[[ ENTRIES SHOWN, beginning ]]

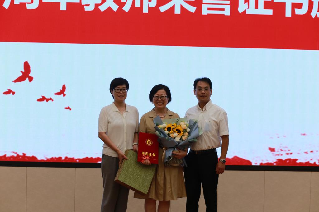 时值第38个教师节来临之际,学院为全体教师送上鲜花,提前送上节日祝福。今年教师节的主题为“迎接党的二十大,培根铸魂育新人”,为激励教师切实担当为党育人、为国育才的光荣使命,学院受学校委托为荣获“浙江省人文社科领军人才”刘婵娟举行了慰问仪式,同时为任教满30周年教师李莹莹举行荣誉证书颁发仪式。李莹莹结合自身工作经历分享了从教三十年的工作心得,她坚守教育初心,潜心立德树人,在教学岗位上积极传递正能量,实现自己的教育理想,成就美好的教育生涯。
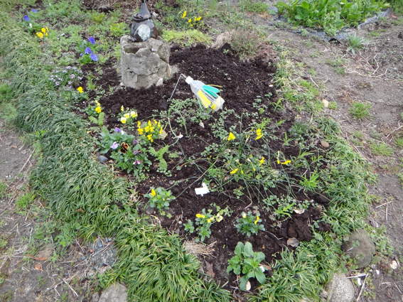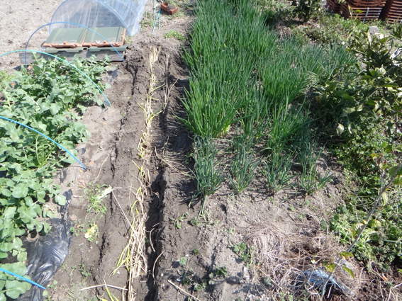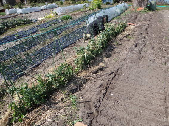 中央の何も出ていない畝はキタアカリ(ジャガイモ)を植えてあります
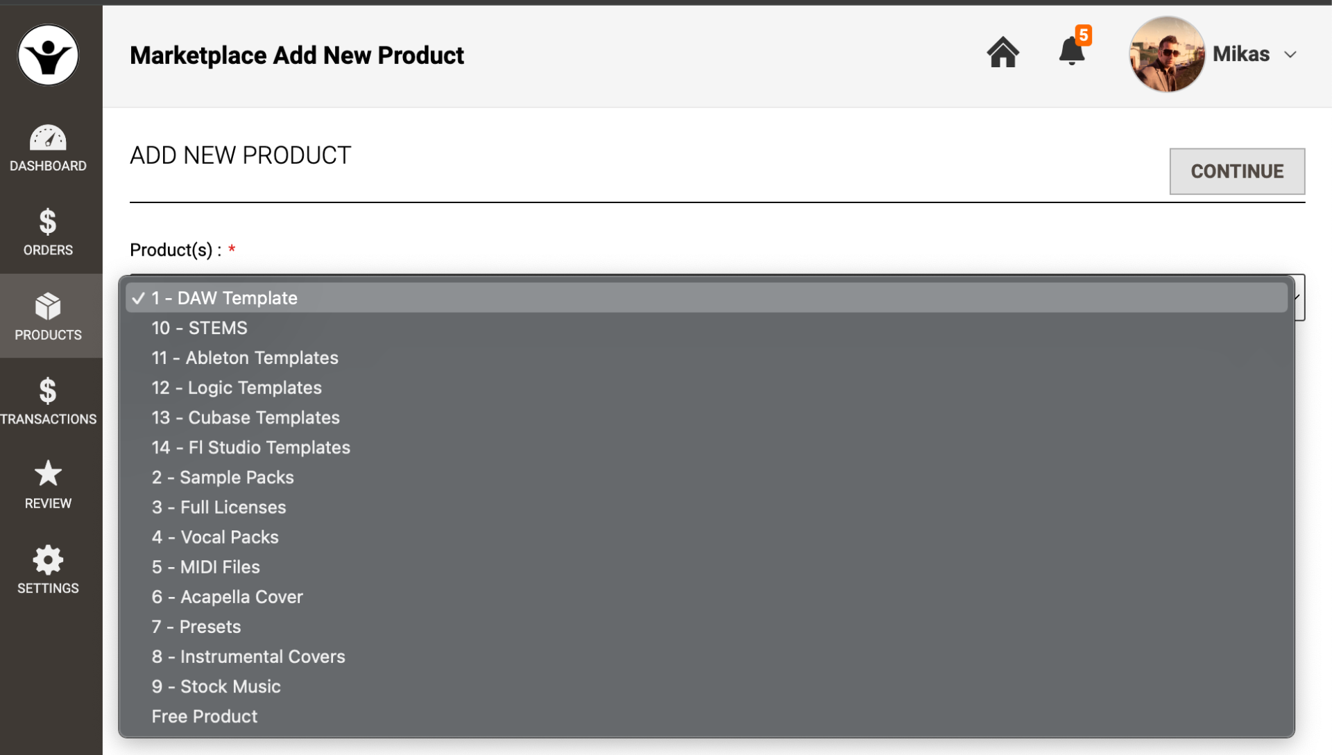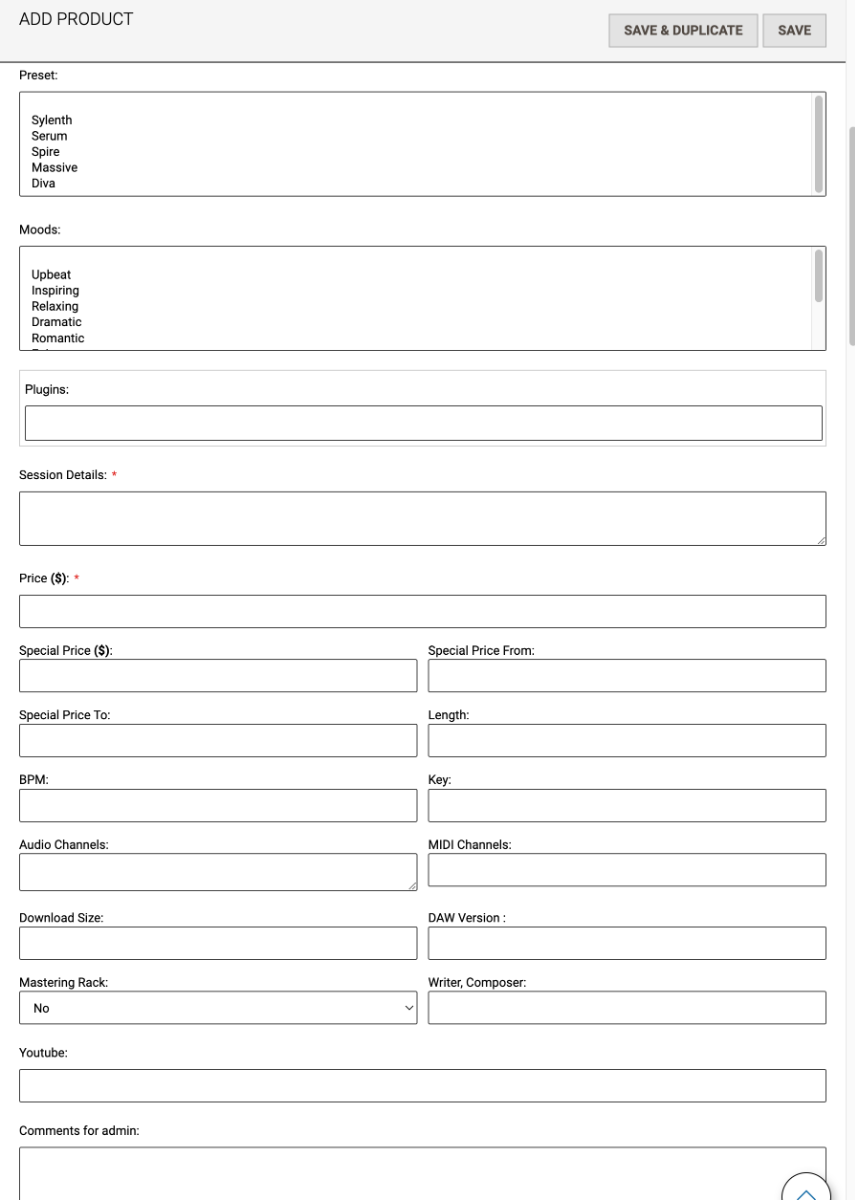 - Sample Pack, Full Licences, Vocal Packs, MIDI Files, Acapella Cover, Presets, Instrumental Covers, Stock Music, Free Product: Select as per the main format of your product
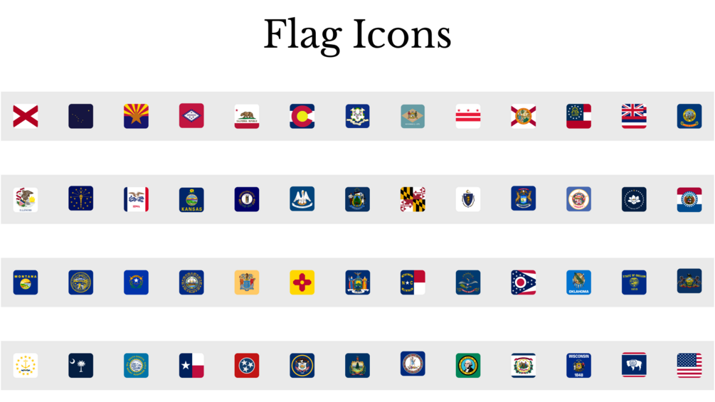 - 50 State Flags: Crisp, vector-based flags for all states.
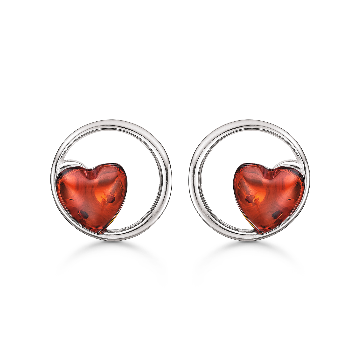 Sølv ørestikker rhodineret hjerte med rav i cirkel
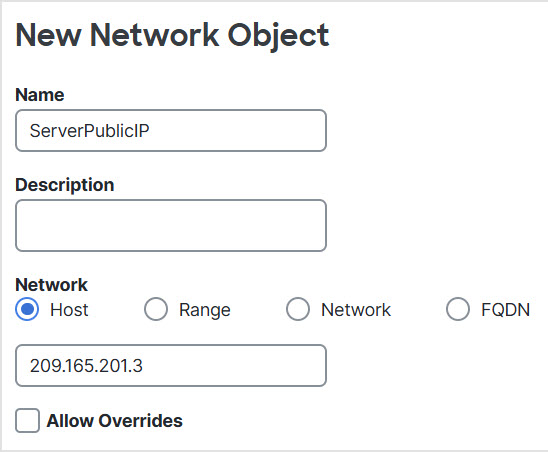 Step 4 | Create a network object for the public IP address used for the three servers. |
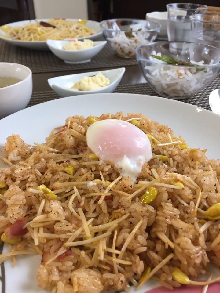 今は おうちカフェぼぬーるさんの温泉玉子のせピラフに想いを募らせていますーー
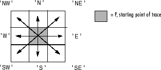 bwtraceboundary функция реализует алгоритм трассировки Мура-Соседа, модифицированный критериями остановки Джейкоба. Эта функция основана на boundaries функция представлена в первом издании «Digital Image Processing Using MATLAB» Гонсалеса, Р. К., Р. Э. Вудса и С. Л. Эддинса, Нью-Джерси, Пирсон Прентис Холл, 2004.

[[ ENTRIES SHOWN, end ]]

→ AIM OF THE EXERCISE: The result should hold only the lines from the line with "- Sample Pack, Full" through the final line of the records above, copied exactly, with pictures left out.

→ COMPLETED EXERCISE:
 - Sample Pack, Full Licences, Vocal Packs, MIDI Files, Acapella Cover, Presets, Instrumental Covers, Stock Music, Free Product: Select as per the main format of your product
 - 50 State Flags: Crisp, vector-based flags for all states.
 Sølv ørestikker rhodineret hjerte med rav i cirkel
 Step 4 | Create a network object for the public IP address used for the three servers. |
 今は おうちカフェぼぬーるさんの温泉玉子のせピラフに想いを募らせていますーー
 bwtraceboundary функция реализует алгоритм трассировки Мура-Соседа, модифицированный критериями остановки Джейкоба. Эта функция основана на boundaries функция представлена в первом издании «Digital Image Processing Using MATLAB» Гонсалеса, Р. К., Р. Э. Вудса и С. Л. Эддинса, Нью-Джерси, Пирсон Прентис Холл, 2004.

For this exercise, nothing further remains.